Por que a reciclagem de peças é importante?

Um alto potencial de reutilização

O Brasil é um dos países onde mais se fabricam automóveis, mas, infelizmente, a proporção de reaproveitamento de peças e carcaças relativa ao número de veículos fabricados ainda está muito abaixo do desejável. Para se ter uma ideia, apenas 1,5% dos veículos que saem de circulação são reciclados.

O que muitas pessoas não sabem é que quase todo o veículo inutilizado tem condições de ser reciclado (devido à presença de alguns contaminantes, apenas 5% tem de ser descartado com empresa especializada), desde as peças plásticas a pneus, itens de ferro e até mesmo a carcaça.

Existe uma lei na Europa que determina que, até o final de 2015, as fábricas de automóveis deverão lançar no mercado apenas veículos compostos por 95% do material com possibilidade de reutilização. No Brasil, mesmo que timidamente, já existem alguns projetos que se prestam a incentivar a reciclagem e a sustentabilidade nesse sentido, um exemplo disso é a Lei Federal 12.977 de maio de 2014, que regula e disciplina a atividade de desmontagem de veículos automotores terrestres no país.

A reciclagem pode ainda ser um negócio lucrativo

Por aqui já existem empresas que fazem a coleta e a reciclagem de peças de veículos: são caminhões que passam a recolher de acordo com a demanda dos geradores de resíduos, as chamadas sucatas.

Além de contribuir para a sustentabilidade e para a despoluição do meio ambiente, a reciclagem nesse aspecto pode envolver muitas vantagens inclusive financeiras. Por exemplo, os valores das peças feitas em plástico reciclado tendem a ser até 40% mais baratas em relação às fabricadas da forma tradicional.

Nos veículos, o material que possui o maior potencial de reciclagem é o aço, e atualmente as empresas chegam a pagar cerca de R$ 300 por uma tonelada do que normalmente serviria apenas para ocupar espaço no ferro-velho!
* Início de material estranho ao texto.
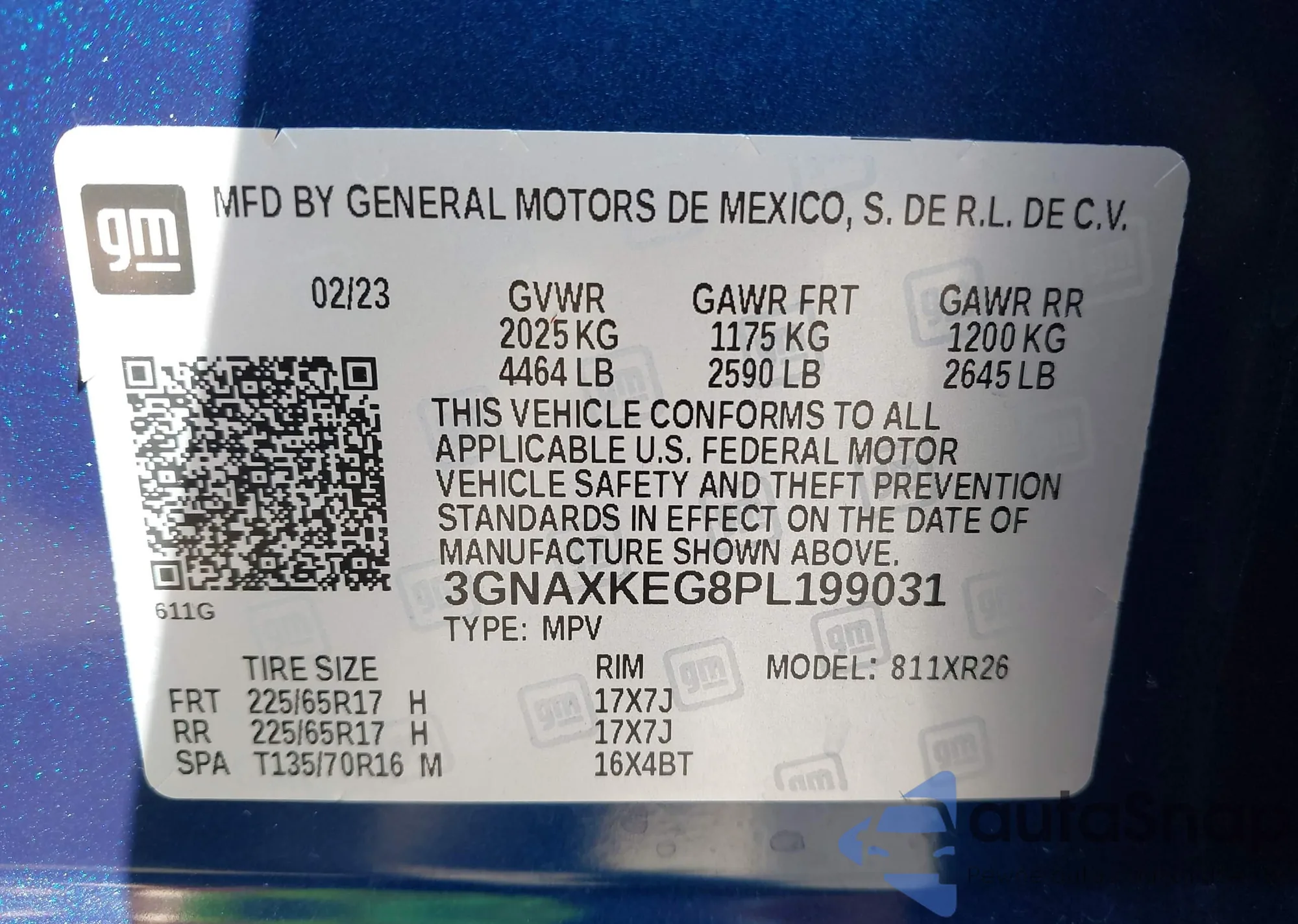 • VIN KL47LAE2XRB167189

O caso mais lucrativo é o do alumínio proveniente dos radiadores. O material chega a ser vendido nesse mercado por cerca de R$ 3.000 a tonelada. Isso ocorre em função da multiplicidade de fins que pode ser dado ao metal, que pode ser reutilizado na fabricação de materiais utilizados na construção civil, panelas, outros utensílios domésticos e até mesmo novas peças automotivas.

O destino dos materiais

Após a coleta, os materiais passam por um processo de separação e catalogação para, depois, serem prensados e finalmente encaminhados para as empresas que farão a sua utilização como matéria-prima para novos bens.
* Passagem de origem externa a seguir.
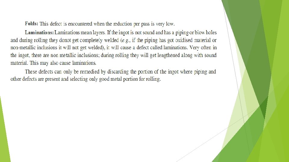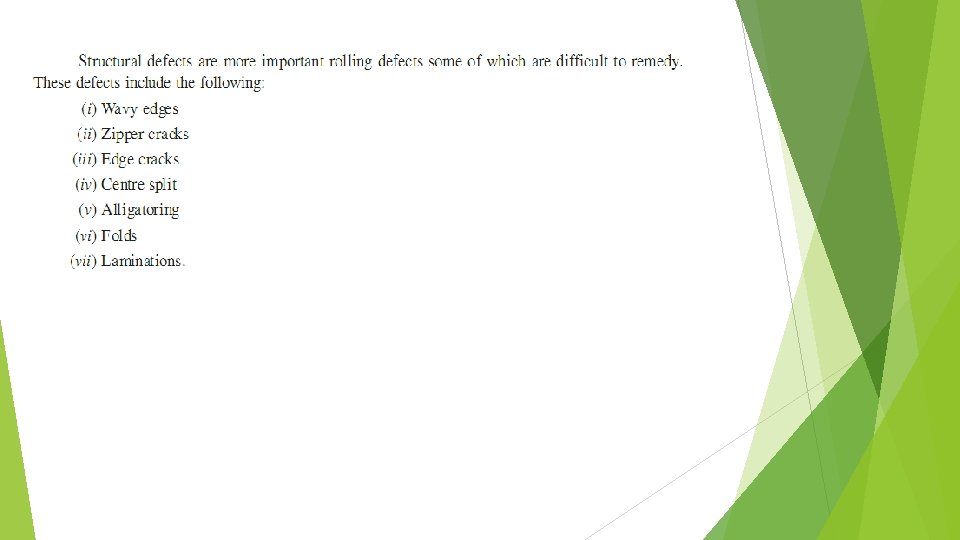 ROLLING DEFECTS To understand the causes and remedies of rolling defects, we shall divide them in two classes: 1. Surface defects, and 2. Structural defects. Surface defects include rusting and scaling, surface scratches, surface cracks, pits left on the surface of due to subsequent detachment or removal of scales which may have been pressed into the surface.

Quando uma peça automotiva chega ao fim de sua vida útil, ao invés de simplesmente realizar o descarte da forma incorreta, o ideal, portanto, é que se realize um estudo de forma a compreender se aquela peça é composta de algum material que pode ser reutilizado.

Não é recomendável que as peças sejam dispensadas em locais inapropriados, o que pode contribuir com a poluição do meio ambiente em amplo sentido. A forma ideal é se dirigir a um profissional que possa fazer a coleta desses materiais para que retornem à cadeia sustentável. A Renova Ecopeças, por exemplo, é uma empresa que renova e recicla quase todas as partes de um automóvel utilizando um processo de desmontagem sustentável.

Mesmo que um vantajoso retorno financeiro não seja possível, o mais sensato é pensar em preservar o meio ambiente, o que é uma obrigação de todos nós.

E você, tem realizado atitudes sustentáveis em seu dia a dia? Colaborar para um meio ambiente menos poluído é pensar em um mundo melhor para os nossos filhos e netos.